KVM: vmx: speed up emulation of invalid guest state

About 25% of the time spent in emulation of invalid guest state
is wasted in checking whether emulation is required for the next
instruction.  However, this almost never changes except when a
segment register (or TR or LDTR) changes, or when there is a mode
transition (i.e. CR0 changes).

In fact, vmx_set_segment and vmx_set_cr0 already modify
vmx->emulation_required (except that the former for some reason
uses |= instead of just an assignment).  So there is no need to
call guest_state_valid in the emulation loop.

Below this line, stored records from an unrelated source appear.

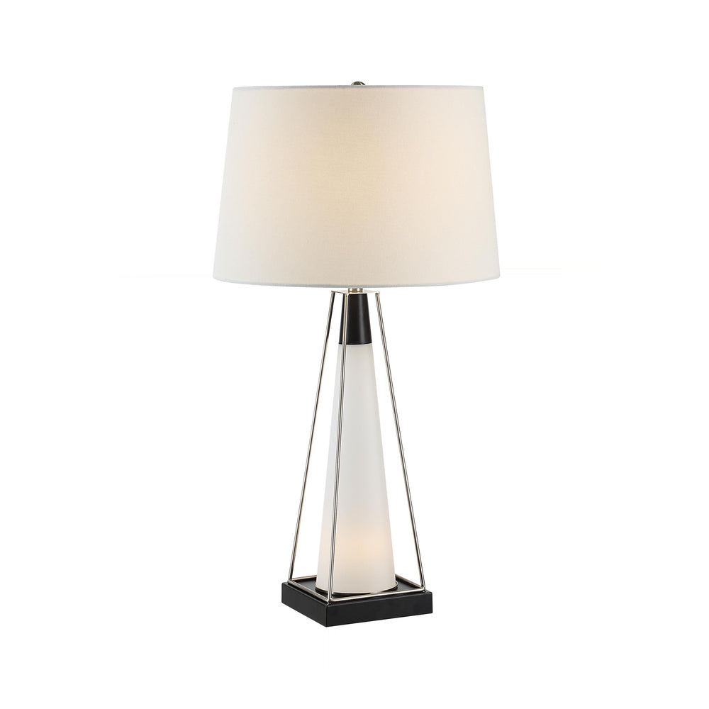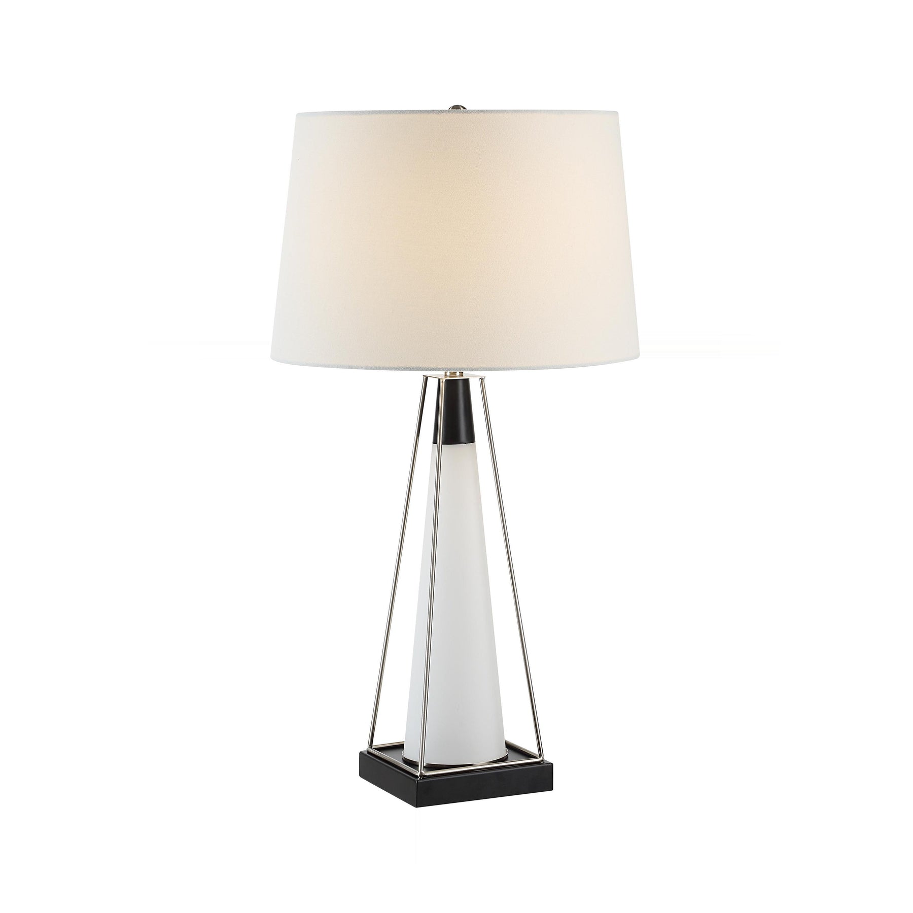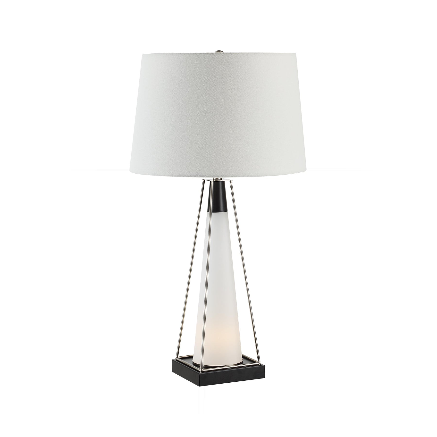 Sculptural lines define this modern accent lamp, balancing a crisp ivory linen drum shade against a geometric frame of brushed nickel and matte black. The central frosted glass column offers a soft, diffused core, creating sophisticated visual tension and contemporary elegance.
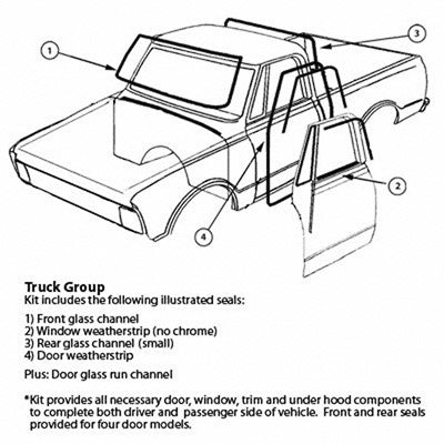 Weatherstrip Kit; 64-66 Pick-Up; Without Chrome Reveal Moldings
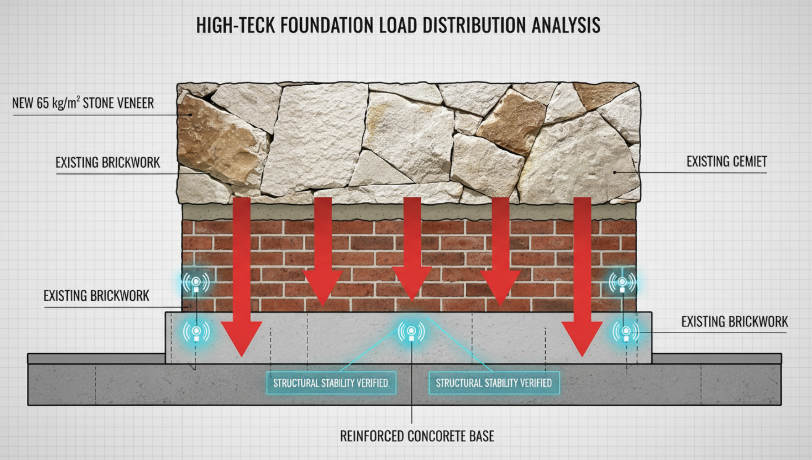 Adding stone veneer to an existing brick substrate requires a precise audit of load-bearing margins to ensure the underlying foundation sustains the additional weight without structural compromise.
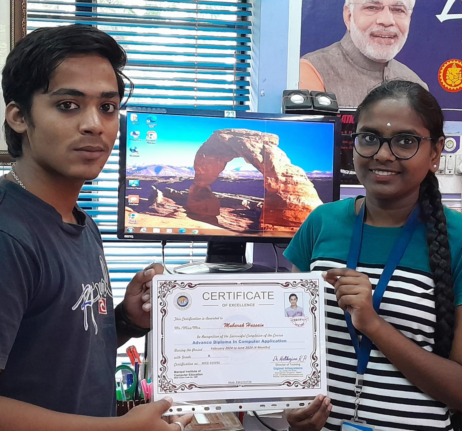 "This Course Completion Certificate is presented with pride to Mubarak Hussain, an outstanding student, in recognition of his exceptional achievement in completing the 'Advanced Diploma in Computer Application' course at Diginet Infosystems. Throughout the four-month duration, Mubarak Hussain exhibited remarkable dedication and enthusiasm under the tutelage of the esteemed faculty, Sabiha Mam, and with guidance from the distinguished Centre Manager, Dr. Mallikarjuna K.H Mubarak Hussain exemplary work ethic and sincerity have been evident throughout his journey. As he sets out to conquer new horizons, we extend our heartfelt wishes for his continued success and prosperity in all his future endeavors. Congratulations, Mubarak Hussain, on this remarkable accomplishment!
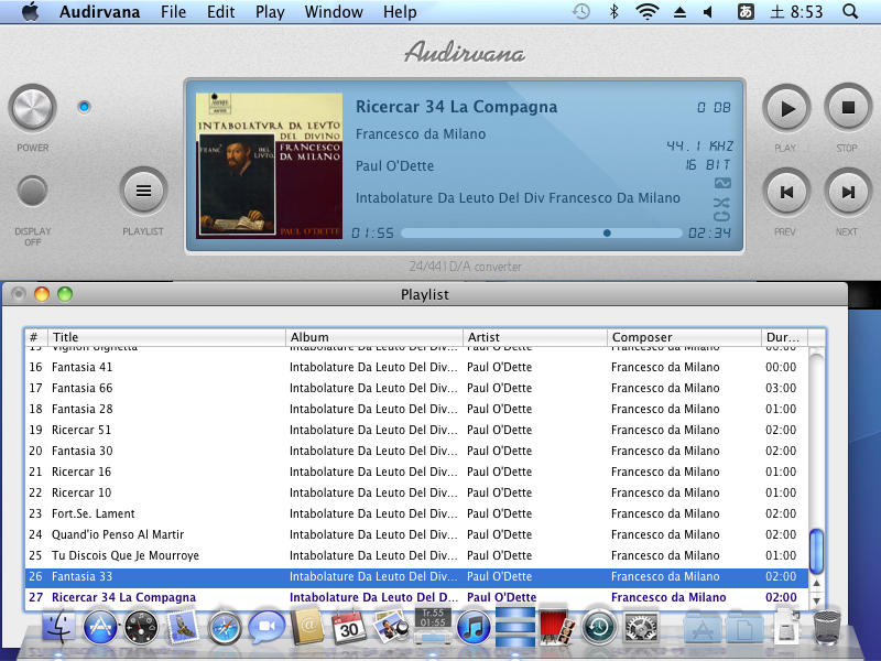 表示品質は非常に良く、解像度アップで表示エリアが拡大し、メインで使用しているAudirvanaは以前は横のドット数が足らず、画面から表示がはみ出していたのですが、下のように普通に表示できるようになりました。
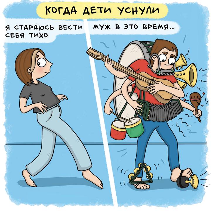 Когда я стала мамой, меня начал бесить муж. А точнее, то, как громко он все делает. Я старалась соблюдать полную тишину, боялась даже ходить, пока ребенок спит. А он спокойно хлопал дверьми, стучал ложкой в чашке, громко разговаривал и не переживал о том, что разбудит малыша. Каждое его движение поднимало во мне бурю эмоций! Ну неужели тяжело ходить на цыпочках и говорить шепотом? Я же это делаю, почему он не может? Особенно это выводит из себя, когда ты битый час укладывала ребенка спать, качая его на своих онемевших руках, удачно положила в кроватку и тихонечко отползаешь в сторону дивана, мечтая о горячем чае. А тут он! БАЦ, ХРЯСЬ, ХЛОП, «а что можно поесть?» Ох, видели бы вы мое выражение лица в те моменты… И как муж не проваливался сквозь пол, не пойму.
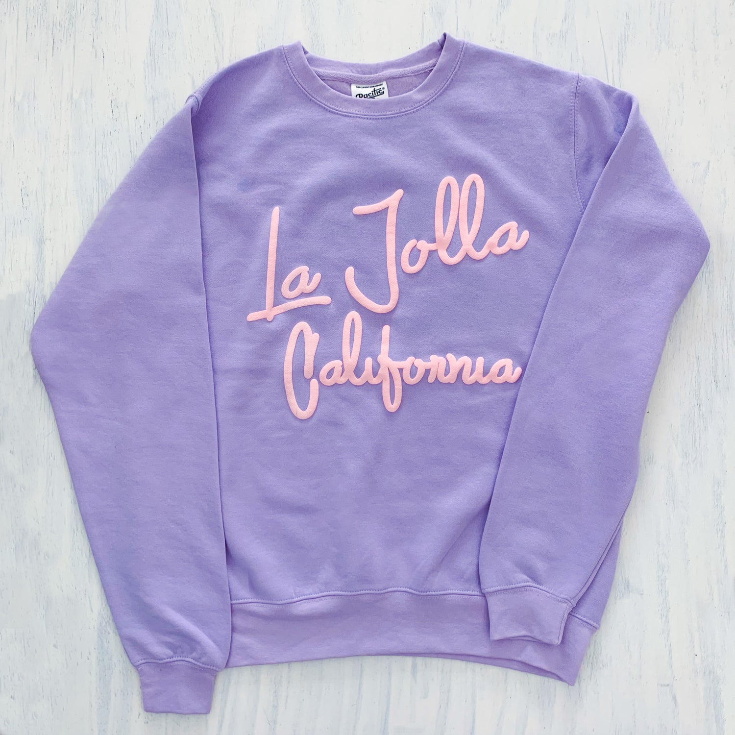 In the early 1900s, La Jolla transformed from a quiet coastal escape into a bright, beloved seaside retreat. With travelers soaking in ocean air and artists painting seaside vistas, the town radiated warmth, color, and creativity. This crewneck brings that history to life in a joyful sunset sorbet palette celebrating lavender with soft pink script, like your favorite ice cream melting into a cotton candy sky.
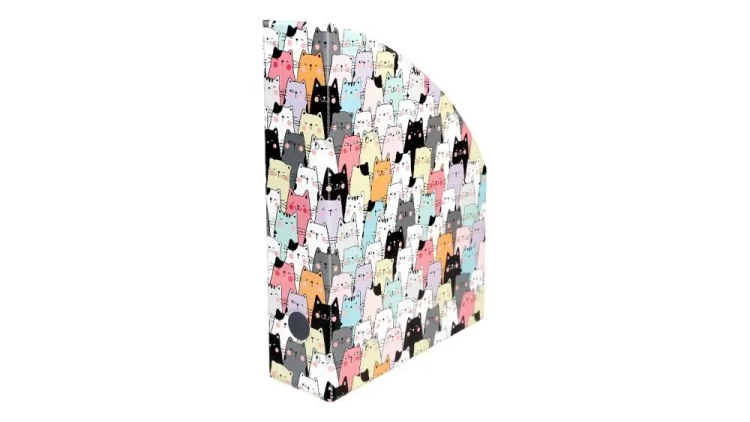 Ten pojemnik na dokumenty został wykonany z wysokiej jakości folii PVC, co gwarantuje jego trwałość i stylowy wygląd. Wyróżnia się pełnym, dekoracyjnym nadrukiem, który dodaje mu uroku. Wnętrze pojemnika jest usztywnione solidną tekturą, co zapewnia stabilność i wsparcie dla przechowywanych dokumentów.
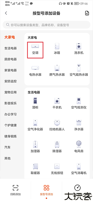 2、用户可选扫码识别、手动输入型号或关键词搜索三种连接方式。
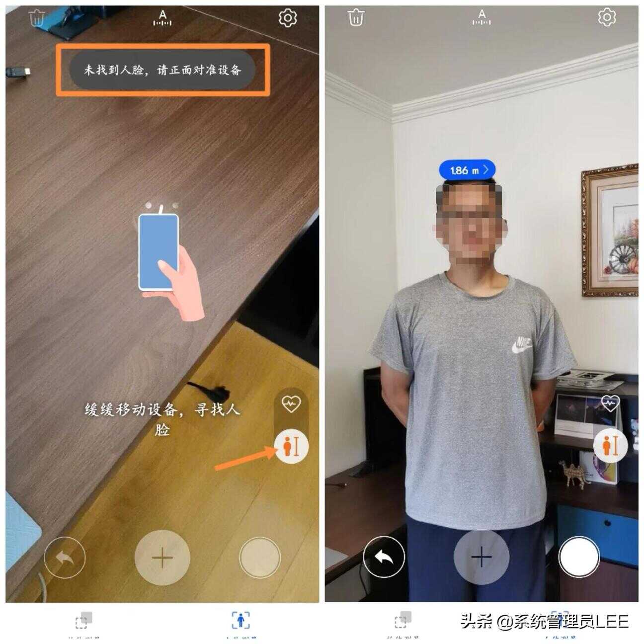 AR测量身高点击右侧身高图标之后,需要将手机摄像头对准人脸,即可快速识别身高。

Emulation performance test results indicate 1650-2600 cycles
for common instructions, versus 2300-3200 before this patch on
a Sandy Bridge Xeon.

Signed-off-by: Paolo Bonzini <pbonzini@redhat.com>
diff --git a/arch/x86/kvm/vmx.c b/arch/x86/kvm/vmx.c
index 8748c2e..5c7bbde 100644
--- a/arch/x86/kvm/vmx.c
+++ b/arch/x86/kvm/vmx.c
@@ -3672,7 +3672,7 @@
 	vmcs_write32(sf->ar_bytes, vmx_segment_access_rights(var));
 
 out:
-	vmx->emulation_required |= emulation_required(vcpu);
+	vmx->emulation_required = emulation_required(vcpu);
 }
 
 static void vmx_get_cs_db_l_bits(struct kvm_vcpu *vcpu, int *db, int *l)
@@ -5640,7 +5640,7 @@
 	cpu_exec_ctrl = vmcs_read32(CPU_BASED_VM_EXEC_CONTROL);
 	intr_window_requested = cpu_exec_ctrl & CPU_BASED_VIRTUAL_INTR_PENDING;
 
-	while (!guest_state_valid(vcpu) && count-- != 0) {
+	while (vmx->emulation_required && count-- != 0) {
 		if (intr_window_requested && vmx_interrupt_allowed(vcpu))
 			return handle_interrupt_window(&vmx->vcpu);
 
@@ -5674,7 +5674,6 @@
 			schedule();
 	}
 
-	vmx->emulation_required = emulation_required(vcpu);
 out:
 	return ret;
 }